> What to do
Could you output each line below exactly as it appears, excluding any pictures?

> Exercise data
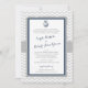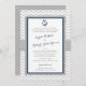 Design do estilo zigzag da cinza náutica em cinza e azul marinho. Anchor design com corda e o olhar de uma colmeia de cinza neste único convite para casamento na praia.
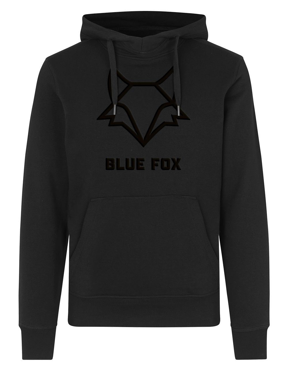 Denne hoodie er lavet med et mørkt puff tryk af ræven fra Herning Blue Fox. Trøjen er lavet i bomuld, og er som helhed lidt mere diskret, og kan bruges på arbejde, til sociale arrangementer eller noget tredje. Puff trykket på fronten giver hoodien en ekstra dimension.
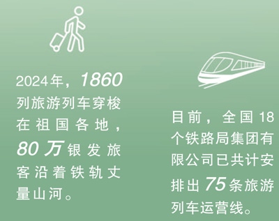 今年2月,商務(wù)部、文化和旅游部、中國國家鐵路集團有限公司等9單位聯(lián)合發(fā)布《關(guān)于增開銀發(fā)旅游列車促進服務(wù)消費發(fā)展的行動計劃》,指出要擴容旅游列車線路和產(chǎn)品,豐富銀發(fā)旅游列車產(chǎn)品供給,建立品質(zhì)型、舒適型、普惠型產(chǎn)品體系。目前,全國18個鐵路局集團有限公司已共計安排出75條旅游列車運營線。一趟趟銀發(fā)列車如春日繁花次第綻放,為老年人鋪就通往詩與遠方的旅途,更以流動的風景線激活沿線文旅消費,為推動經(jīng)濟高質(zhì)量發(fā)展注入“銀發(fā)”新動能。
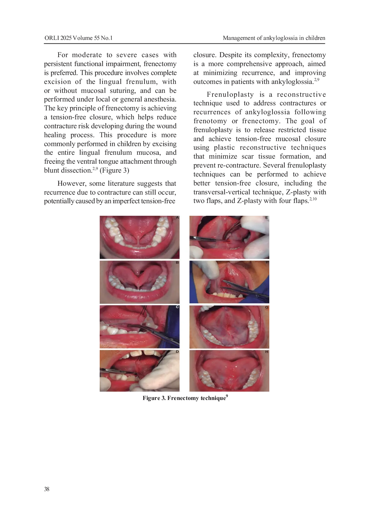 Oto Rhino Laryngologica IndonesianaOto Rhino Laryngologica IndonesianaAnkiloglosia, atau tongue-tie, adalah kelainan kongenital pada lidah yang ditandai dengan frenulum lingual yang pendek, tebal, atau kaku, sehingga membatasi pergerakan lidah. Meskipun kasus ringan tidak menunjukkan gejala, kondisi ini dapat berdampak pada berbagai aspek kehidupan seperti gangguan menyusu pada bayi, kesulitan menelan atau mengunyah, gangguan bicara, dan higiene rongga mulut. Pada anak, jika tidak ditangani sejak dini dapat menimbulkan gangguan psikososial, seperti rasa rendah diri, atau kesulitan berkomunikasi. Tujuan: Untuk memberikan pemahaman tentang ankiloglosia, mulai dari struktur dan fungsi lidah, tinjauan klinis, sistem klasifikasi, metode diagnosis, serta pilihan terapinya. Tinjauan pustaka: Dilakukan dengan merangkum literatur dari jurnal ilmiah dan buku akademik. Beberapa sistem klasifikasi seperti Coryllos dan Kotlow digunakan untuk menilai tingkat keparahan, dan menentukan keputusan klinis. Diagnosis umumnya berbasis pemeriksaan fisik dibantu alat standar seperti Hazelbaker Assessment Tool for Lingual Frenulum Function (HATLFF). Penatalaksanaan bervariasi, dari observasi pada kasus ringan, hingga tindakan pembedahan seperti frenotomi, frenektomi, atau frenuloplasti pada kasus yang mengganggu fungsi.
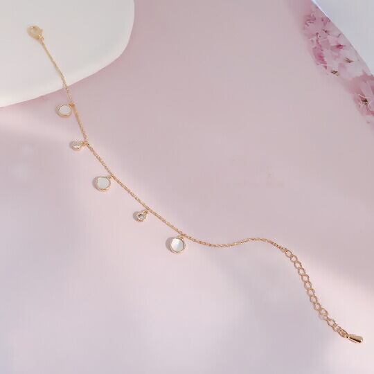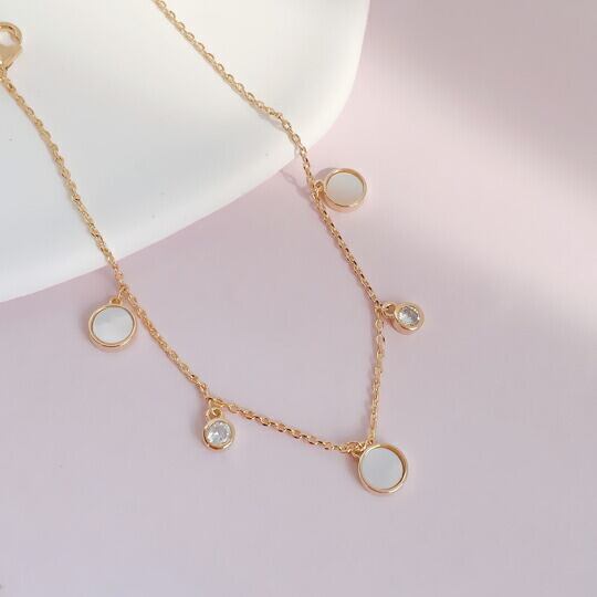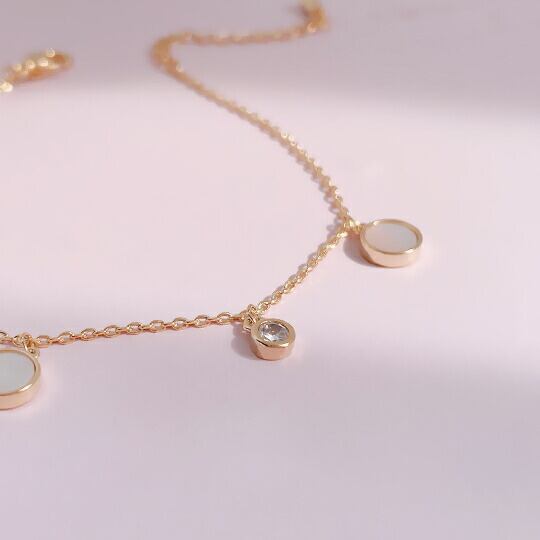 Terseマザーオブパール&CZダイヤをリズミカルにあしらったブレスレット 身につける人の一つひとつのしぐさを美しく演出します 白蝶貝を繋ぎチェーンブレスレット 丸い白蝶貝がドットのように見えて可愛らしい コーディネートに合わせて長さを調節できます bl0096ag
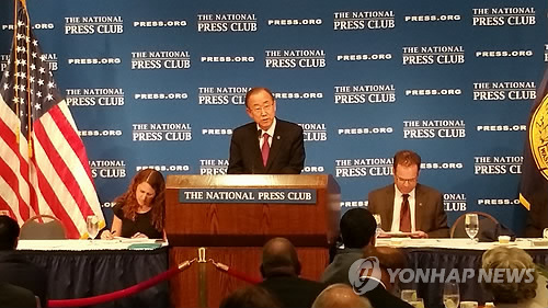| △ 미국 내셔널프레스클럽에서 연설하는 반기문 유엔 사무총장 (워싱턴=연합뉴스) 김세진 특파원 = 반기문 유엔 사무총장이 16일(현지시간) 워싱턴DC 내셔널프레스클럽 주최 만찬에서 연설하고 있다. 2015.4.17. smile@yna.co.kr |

> Written reply
 Design do estilo zigzag da cinza náutica em cinza e azul marinho. Anchor design com corda e o olhar de uma colmeia de cinza neste único convite para casamento na praia.
 Denne hoodie er lavet med et mørkt puff tryk af ræven fra Herning Blue Fox. Trøjen er lavet i bomuld, og er som helhed lidt mere diskret, og kan bruges på arbejde, til sociale arrangementer eller noget tredje. Puff trykket på fronten giver hoodien en ekstra dimension.
 今年2月,商務(wù)部、文化和旅游部、中國國家鐵路集團有限公司等9單位聯(lián)合發(fā)布《關(guān)于增開銀發(fā)旅游列車促進服務(wù)消費發(fā)展的行動計劃》,指出要擴容旅游列車線路和產(chǎn)品,豐富銀發(fā)旅游列車產(chǎn)品供給,建立品質(zhì)型、舒適型、普惠型產(chǎn)品體系。目前,全國18個鐵路局集團有限公司已共計安排出75條旅游列車運營線。一趟趟銀發(fā)列車如春日繁花次第綻放,為老年人鋪就通往詩與遠方的旅途,更以流動的風景線激活沿線文旅消費,為推動經(jīng)濟高質(zhì)量發(fā)展注入“銀發(fā)”新動能。
 Oto Rhino Laryngologica IndonesianaOto Rhino Laryngologica IndonesianaAnkiloglosia, atau tongue-tie, adalah kelainan kongenital pada lidah yang ditandai dengan frenulum lingual yang pendek, tebal, atau kaku, sehingga membatasi pergerakan lidah. Meskipun kasus ringan tidak menunjukkan gejala, kondisi ini dapat berdampak pada berbagai aspek kehidupan seperti gangguan menyusu pada bayi, kesulitan menelan atau mengunyah, gangguan bicara, dan higiene rongga mulut. Pada anak, jika tidak ditangani sejak dini dapat menimbulkan gangguan psikososial, seperti rasa rendah diri, atau kesulitan berkomunikasi. Tujuan: Untuk memberikan pemahaman tentang ankiloglosia, mulai dari struktur dan fungsi lidah, tinjauan klinis, sistem klasifikasi, metode diagnosis, serta pilihan terapinya. Tinjauan pustaka: Dilakukan dengan merangkum literatur dari jurnal ilmiah dan buku akademik. Beberapa sistem klasifikasi seperti Coryllos dan Kotlow digunakan untuk menilai tingkat keparahan, dan menentukan keputusan klinis. Diagnosis umumnya berbasis pemeriksaan fisik dibantu alat standar seperti Hazelbaker Assessment Tool for Lingual Frenulum Function (HATLFF). Penatalaksanaan bervariasi, dari observasi pada kasus ringan, hingga tindakan pembedahan seperti frenotomi, frenektomi, atau frenuloplasti pada kasus yang mengganggu fungsi.
 Terseマザーオブパール&CZダイヤをリズミカルにあしらったブレスレット 身につける人の一つひとつのしぐさを美しく演出します 白蝶貝を繋ぎチェーンブレスレット 丸い白蝶貝がドットのように見えて可愛らしい コーディネートに合わせて長さを調節できます bl0096ag
| △ 미국 내셔널프레스클럽에서 연설하는 반기문 유엔 사무총장 (워싱턴=연합뉴스) 김세진 특파원 = 반기문 유엔 사무총장이 16일(현지시간) 워싱턴DC 내셔널프레스클럽 주최 만찬에서 연설하고 있다. 2015.4.17. smile@yna.co.kr |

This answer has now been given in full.